Мужчина снова улыбнулся, теперь глядя на девушку нежно, а потом заправляя выбившуюся из-за уха прядь.

Она так спокойно восприняла то, что он носил грузом на протяжении долгих лет, что становилось одновременно легко и тревожно. Ринар думал, что это разозлит мятежницу. Что сделает только хуже, а вместо того, чтобы рвать и метать, она ищет выход из ситуации. Ищет выход не для себя — для них двоих. Выход из безвыходной ситуации.

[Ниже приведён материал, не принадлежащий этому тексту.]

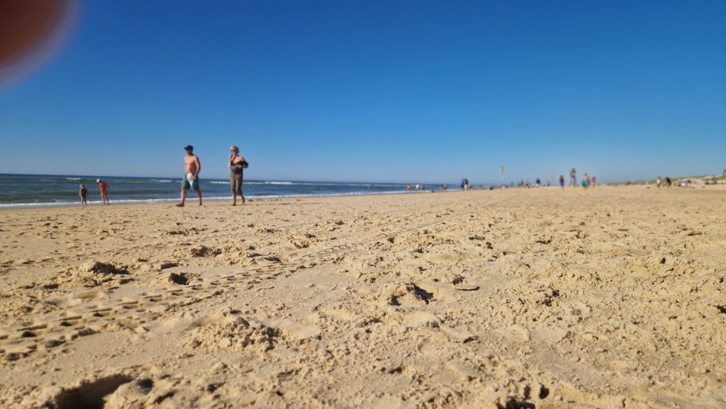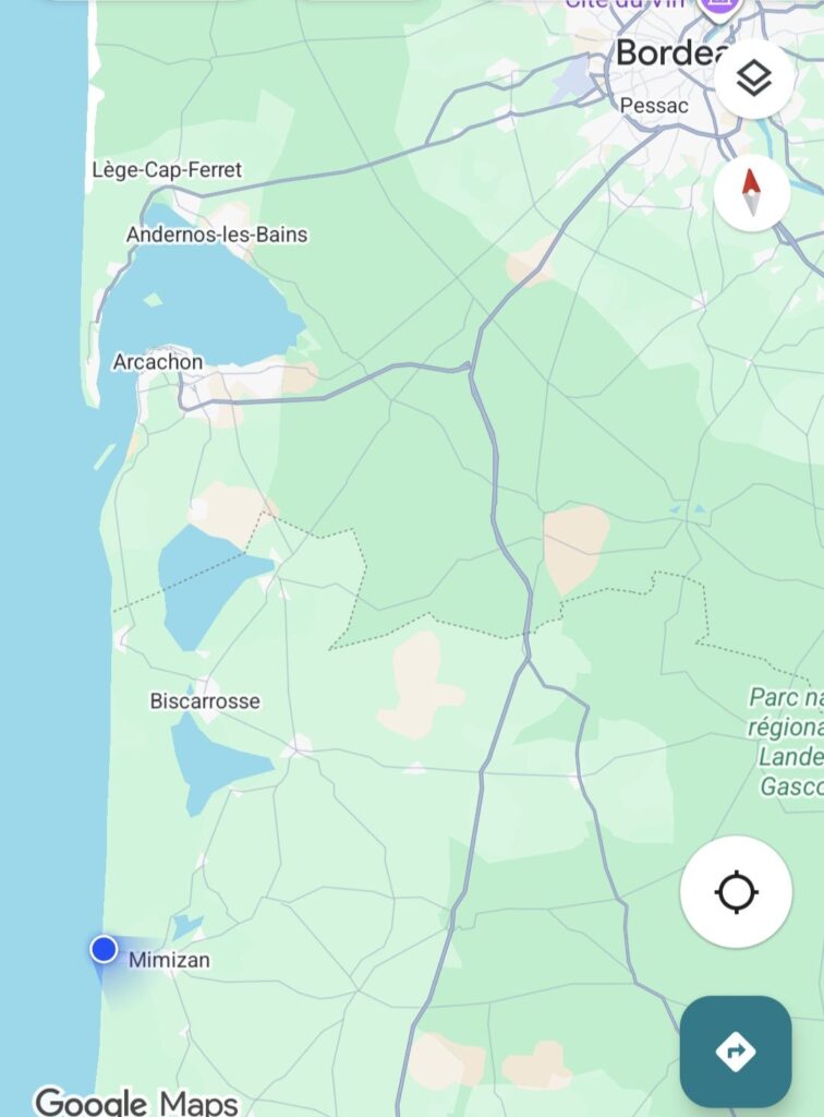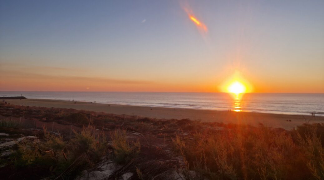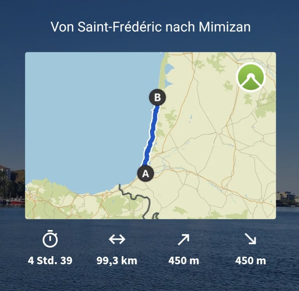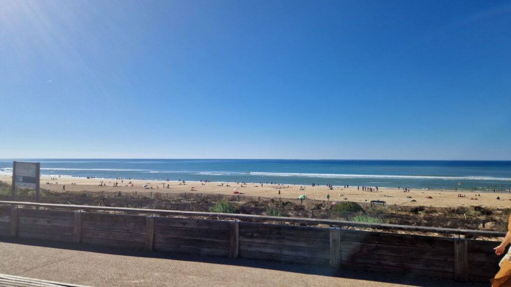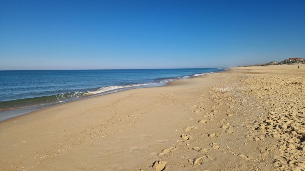 Heute früh bin ich in Bayonne gestartet und am Nachmittag gegen 15 Uhr in Mimizan gelandet. Ein Badeort mit Strand, so weit man schauen kann. Das Hotel ist prima und nur 100m vom Strand entfernt. Hab mich auch gleich in den Atlantik gestürzt. Der hat eine Temperatur um 19 bis 20 Grad. Die Franzosen nennen die Küste hier „Cote d’argent“ – Goldküste.
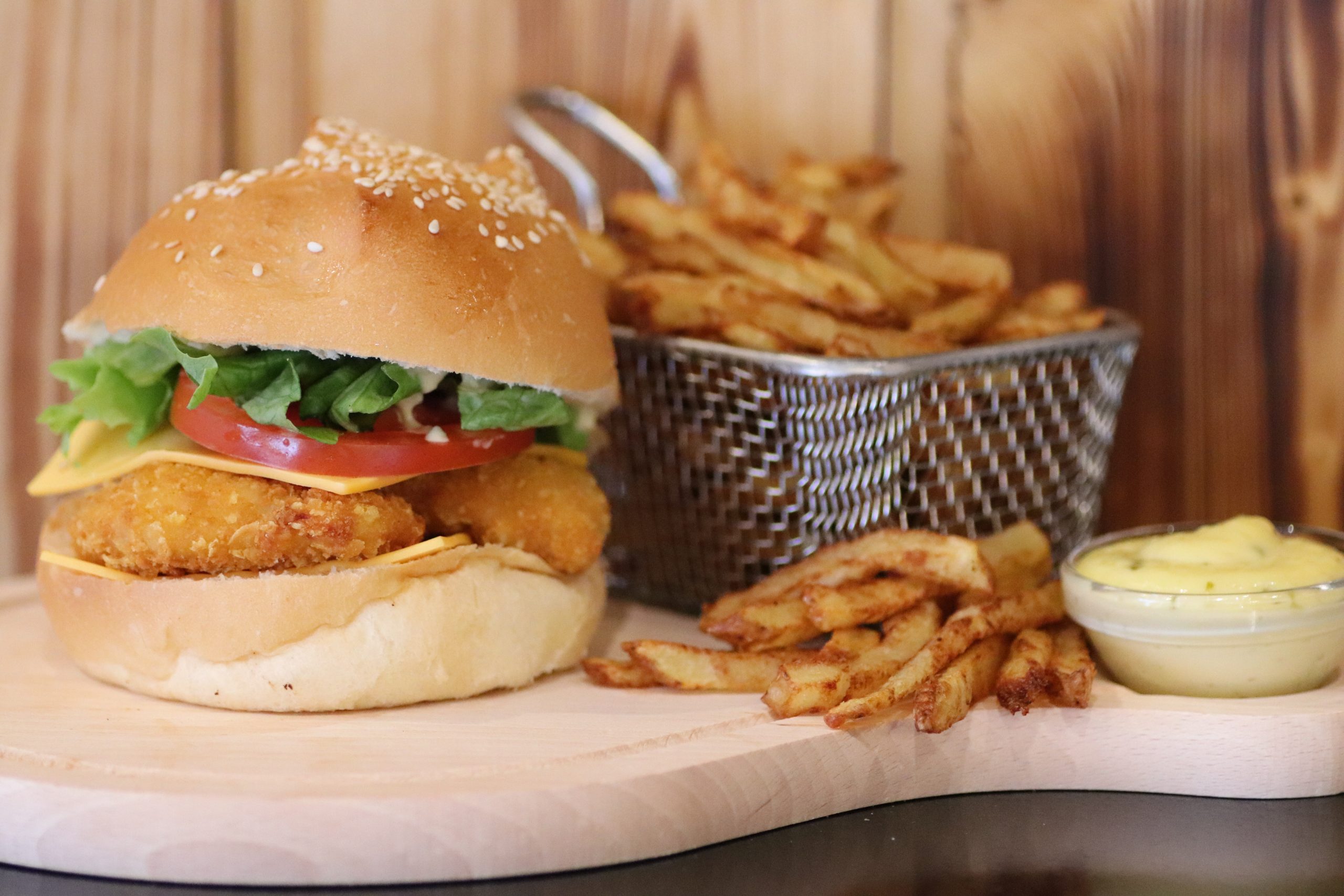 Filets de poulets, double cheddar, crudités
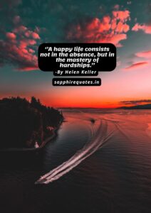 63) ”A happy life consists not in the absence, but in the mastery of hardships.”

— Сейчас я еду в столицу, на аудиенцию короля. Это действительно нужно. Нужно потому, что Приграничье штормит. Люди бунтуют, префекты не могут успокоить всех и каждого, то и дело королевские гвардейцы портят чьих-то дочерей, в пьянке сносят головы с плеч таких же пьяных крестьян или горожанам, им не объяснишь, что рано или поздно это закончится полномасштабным бунтом. Они с оружием и искренне считают, что оружие поможет в борьбе с толпой отчаянных, потерявших страх людей. Этот зреющий пожар нужно потушить. Потушить сейчас, пока это еще возможно. Я пытаюсь объяснить это Синегару. Надеюсь, он когда-то поймет. Надеюсь, поймет раньше, чем будет поздно. Сейчас же все мое войско разослано по территориям Приграничья. Не могу сказать, что уверен в том, что этого будет достаточно, но локальные пожары тушить пока удается. Завтра я покажу ему, сколько таких пожаров вспыхнуло за месяц. Покажу, что было их в десять раз больше, чем в прошлом, и в сто раз больше, чем несколькими годами раньше. Объясню, что если он хочет сохранить корону — должен позаботиться о том, чтоб народ был уверен — их король способен справиться с проблемой и защитить. Люди ведь просто хотят сладко спать и сыто есть. Мы сейчас в относительно спокойной местности. Здесь слишком мало людей и слишком они боятся утратить благосклонное отношение двора, с которым активно торгуют, чтоб маяться бунтами, а вот ближе к границе уже не так спокойно. И я не могу сбежать сейчас, Альма. Ты в безопасности здесь — это главное. Но раньше, чем напряжение спадет, полномочия я не сложу.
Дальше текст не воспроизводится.